§ Goal of the exercise: Give again, word for word, every line below from the one that has "시민공원 촉진3구역 진행 상황과 타입별 최저 매물" through the one that has "Pembe renkli, dantel", both included, and no others.
===== Data records =====
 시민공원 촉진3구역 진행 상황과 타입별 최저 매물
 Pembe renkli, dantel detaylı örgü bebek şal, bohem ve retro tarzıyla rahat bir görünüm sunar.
=====
===== Data records =====
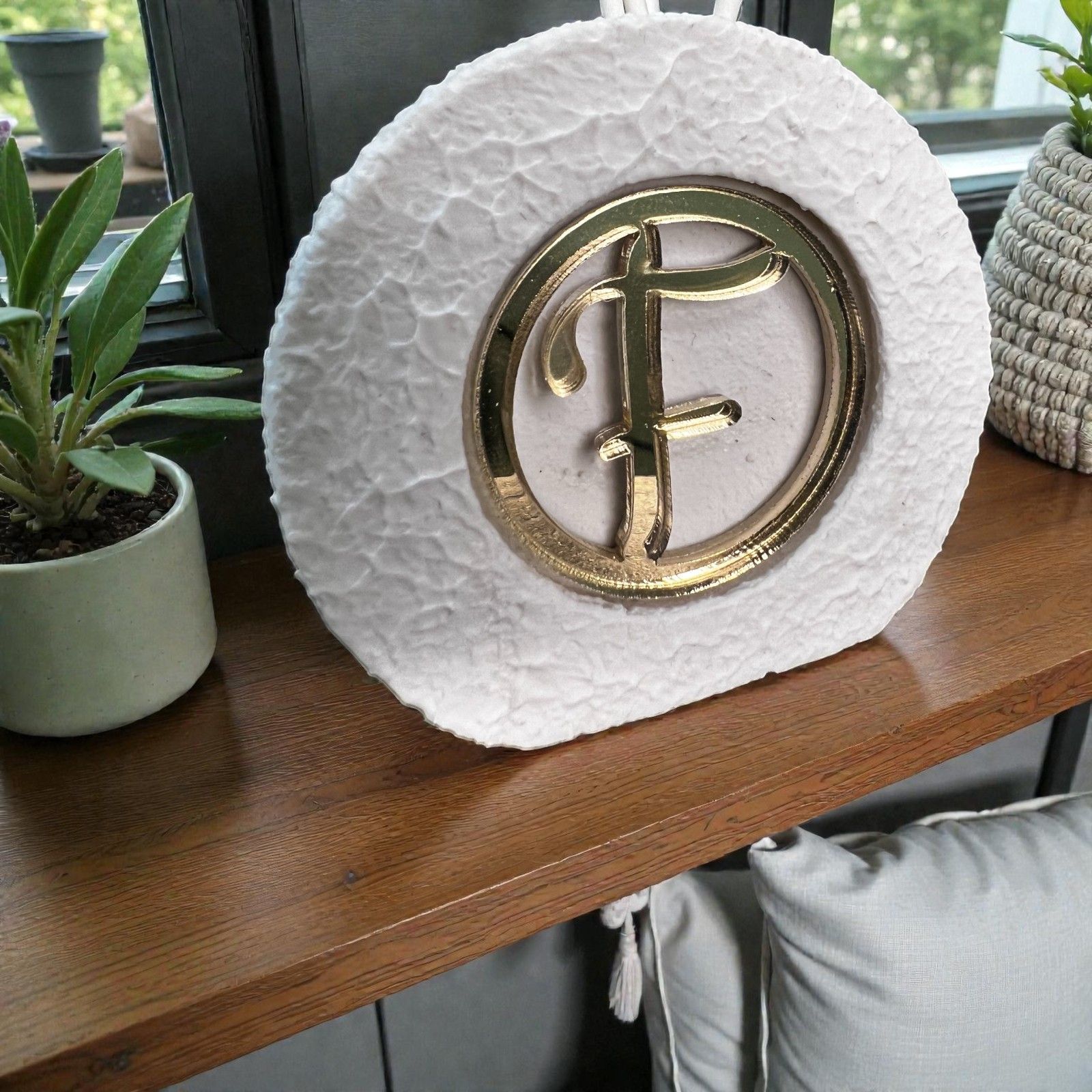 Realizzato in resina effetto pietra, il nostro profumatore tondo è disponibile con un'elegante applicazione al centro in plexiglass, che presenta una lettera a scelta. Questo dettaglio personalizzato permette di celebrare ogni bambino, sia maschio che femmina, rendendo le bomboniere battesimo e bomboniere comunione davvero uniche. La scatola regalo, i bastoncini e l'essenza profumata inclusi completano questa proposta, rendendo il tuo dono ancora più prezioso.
=====
===== Data records =====
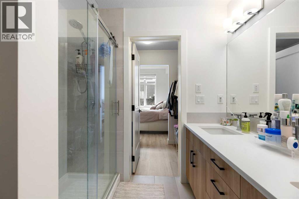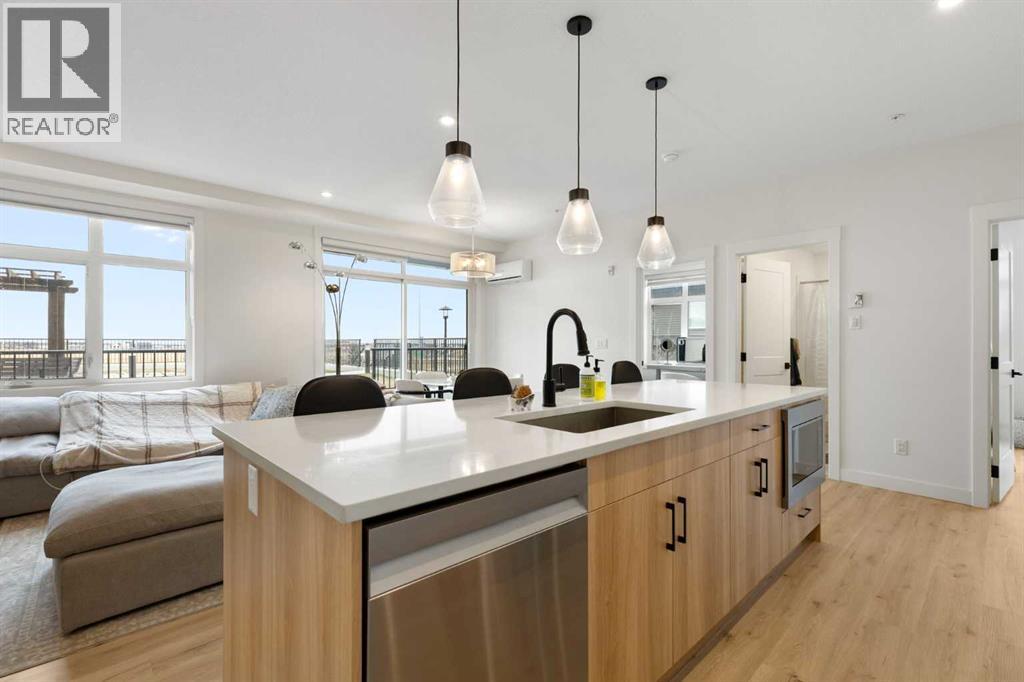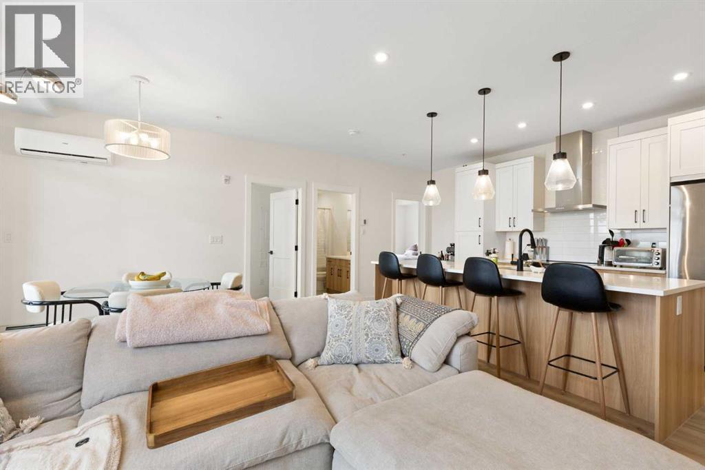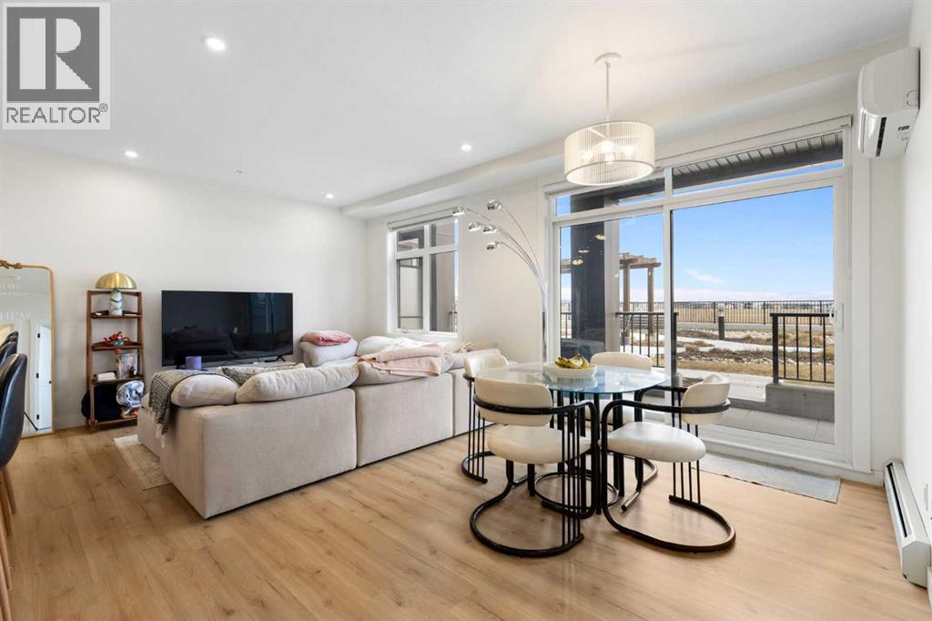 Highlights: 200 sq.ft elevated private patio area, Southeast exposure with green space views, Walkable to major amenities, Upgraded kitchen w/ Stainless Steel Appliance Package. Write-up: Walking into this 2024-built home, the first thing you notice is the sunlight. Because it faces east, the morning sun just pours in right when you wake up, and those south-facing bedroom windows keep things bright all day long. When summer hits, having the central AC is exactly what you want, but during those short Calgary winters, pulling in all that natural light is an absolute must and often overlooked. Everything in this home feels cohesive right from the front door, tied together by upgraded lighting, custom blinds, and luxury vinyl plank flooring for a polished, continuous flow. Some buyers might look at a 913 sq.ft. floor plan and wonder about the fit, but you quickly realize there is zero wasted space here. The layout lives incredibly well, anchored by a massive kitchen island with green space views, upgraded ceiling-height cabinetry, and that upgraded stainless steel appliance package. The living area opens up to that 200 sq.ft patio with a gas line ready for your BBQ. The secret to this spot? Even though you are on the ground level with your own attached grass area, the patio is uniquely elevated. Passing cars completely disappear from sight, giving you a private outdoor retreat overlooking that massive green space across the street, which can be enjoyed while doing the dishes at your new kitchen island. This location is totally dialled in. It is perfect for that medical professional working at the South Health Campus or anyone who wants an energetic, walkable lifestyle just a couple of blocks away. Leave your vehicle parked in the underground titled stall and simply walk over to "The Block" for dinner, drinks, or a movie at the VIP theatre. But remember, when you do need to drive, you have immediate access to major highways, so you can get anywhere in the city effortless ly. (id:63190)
=====
§ Solved problem:
 시민공원 촉진3구역 진행 상황과 타입별 최저 매물
 Pembe renkli, dantel detaylı örgü bebek şal, bohem ve retro tarzıyla rahat bir görünüm sunar.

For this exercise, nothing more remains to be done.